Merging Copper Catalysis with Nitro Allyl and Allyl Sulfone Derivatives: Practical, Straightforward, and Scalable Synthesis of Diversely Functionalized Allyl Boranes

Abstract

We report here the first example of a copper-catalyzed transformation involving nitro allyl derivatives. This borylation reaction, which exploits the high versatility of the aforementioned precursor, tolerates a variety of functional groups and allows practical, scalable, and highly straightforward access to diversely substituted allylboronic esters in high yields. The method was also extended to allyl sulfones, which provides a very complementary approach, offering additional structural diversity along with improved stereoselectivities. This new reactivity was further exploited to synthesize γ-fluoroallyl boronic esters as well as various synthetically useful building blocks through key post-functionalizations.

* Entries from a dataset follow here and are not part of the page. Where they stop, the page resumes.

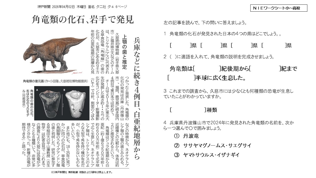 2026.4.7角竜類の化石、岩手で発見(理科)
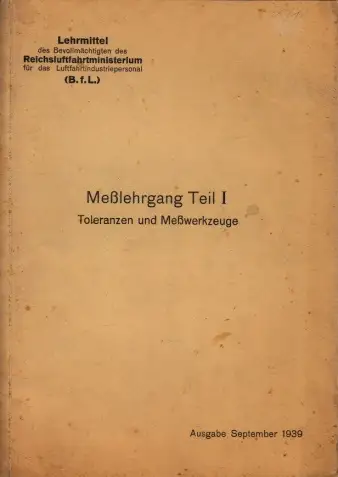 Meßlehrgang Teil 1: Toleranzen und Meßwerkzeuge Ausgabe Sepßember 1939
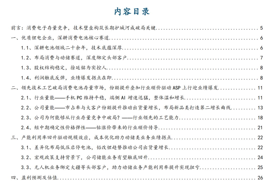 积极布局前沿制造工艺,技术能力依托市场份额与ASP兑现。公司积极研发钢壳电池,能够更高效利用设备内部空间,提升电池带电量,有望向更多机型渗透;叠片工艺提升模切精度与叠片精度,使整体成本降幅达10%以上;硅负极电池能量密度更高,公司已量产出货25%高硅负极电池,未来有望持续提升掺硅比例,公司电池工艺的进步将反映到其市场份额与ASP的提升上。
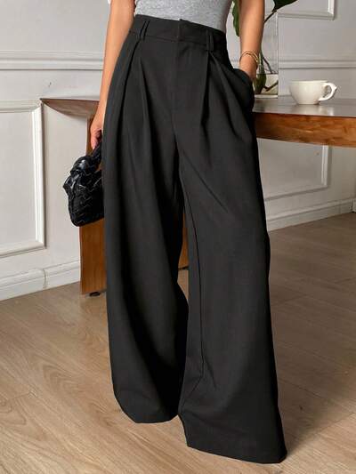 Pantaloni larghi plissettati da donna, pantaloni eleganti in colore unito morbidi per primavera e autunno-33%
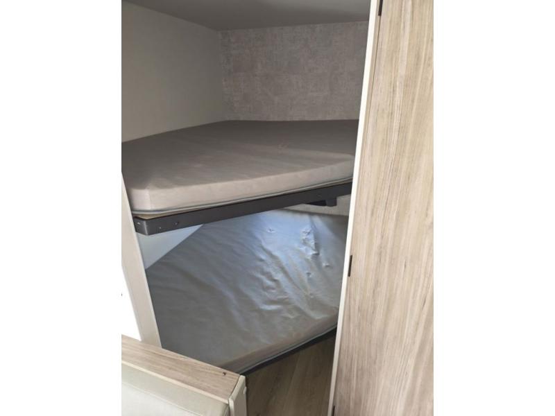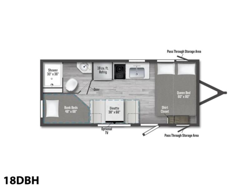 This travel trailer is designed to make camping more comfortable, affordable, and fun for the whole family! The front 60" x 80" queen bed offers a comfortable place to lay your head at night and a shirt closet to hang your clothes. There are a set of 48" x 68" bunk beds for others to sleep, and you can even transform the 38" x 68" booth dinette into extra sleeping space. The fully equipped kitchen has everything you need to prepare a delicious home cooked meal and a 12V refrigerator to store any leftovers. After a fun-filled day, head to the rear corner bathroom to freshen up in the 30" x 36" shower with 14" x 22" skylight to let in some natural lighting!
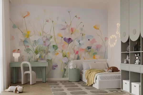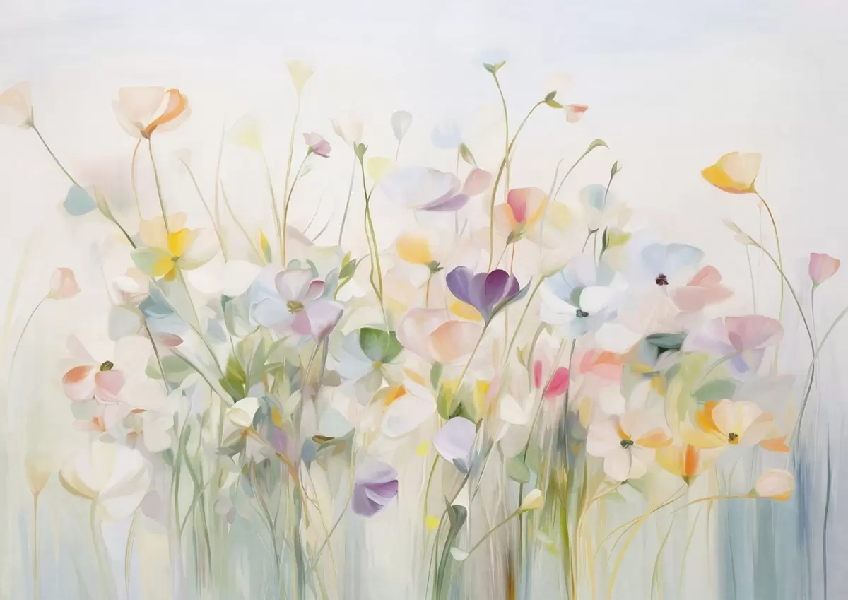Fototapeedid Abstraktne värvikate lillede väli pikkade varte ja roheliste lehtedega, tekstuuriga, pastelltoonides, heledates värvides Nr w09466

Both the reaction mechanism and the chemoselectivity were rationalized experimentally and through DFT calculations.

Figure 1

Strategies for the synthesis of allylboronic esters.

Figure 2

Substrate scope. (a) Reaction run using 2 mol % of CuCN. (b) Determined by 1H NMR on the crude reaction mixture. (c) Reaction run over a period of 24 h.

Figure 3

Free energy profile of the cupro-borylation of 3-methyl-3-nitrobutene followed by the β-nitrite elimination leading to the corresponding allylborane. Both anti and syn pathways are represented for each chemical step. Vertical arrows in magenta indicate a conformational equilibrium. The 3D molecular structures of Int-anti and Int-syn are shown as insets (for the sake of clarity, all H atoms are hidden except those close to the reaction center). The structures of the end points of the reaction (in black here) are shown in Figure S1 in the Supporting Information. The remaining molecular structures for the cupro-borylation and β-nitrite elimination steps are shown in Figure S2 in the Supporting Information.

Figure 4

Synthesis of γ-fluoroallyl boronic esters. (a) Determined by ¹H NMR on the crude reaction mixture.

Figure 5

Comparison of the β-elimination pathways with the fluorine or nitro leaving groups, starting from the S intermediate. The 3D molecular structures of all TSs, adducts, and final products are shown in Figure S4 in the Supporting Information.

Figure 6

(A) Optimization of the reaction conditions for 1,2-disubstituted alkenes. (B) Extension to internal alkenes. (C) Redox compatibility test between diborane species and sodium nitrite (top). Redox compatibility test between ate complex and sodium nitrite (bottom). (D) Synthesis of δ-lactones via allylation and subsequent cyclization. (E) Derivatization of monofluoro allylboranes: allylation of p-chlorobenzaldehyde (top); synthesis of dienes through a Pd-catalyzed Suzuki/dehydrofluorination cascade (bottom). (F) Derivatization of tetrasubstituted allylboranes: oxidation to the corresponding allylic alcohol (top); synthesis of γ-lactones through an oxidation/lactonization cascade (center); and diastereoselective synthesis of δ-lactones via allylation and subsequent cyclization. (G) NCIplot of TSs associated with the elimination of methanol: strong stabilizing interactions are highlighted in blue, weak interactions are highlighted in green, and strong destabilizing interactions are highlighted in red. TS leading to the major compound with the two aryl rings in a cis conformation (left); TS leading to the formation of the minor compound with the two aryl rings in a trans conformation (right). (H) t-BuCHO/Sc(OTf)₃-mediated formal γ-oxidation/lactonization of 2j and 9 leading to γ-lactone 11 [PFA = paraformaldehyde].

Figure 7

Copper-catalyzed borylation of allyl sulfone derivatives. (a) Determined by ¹H NMR on the crude reaction mixture.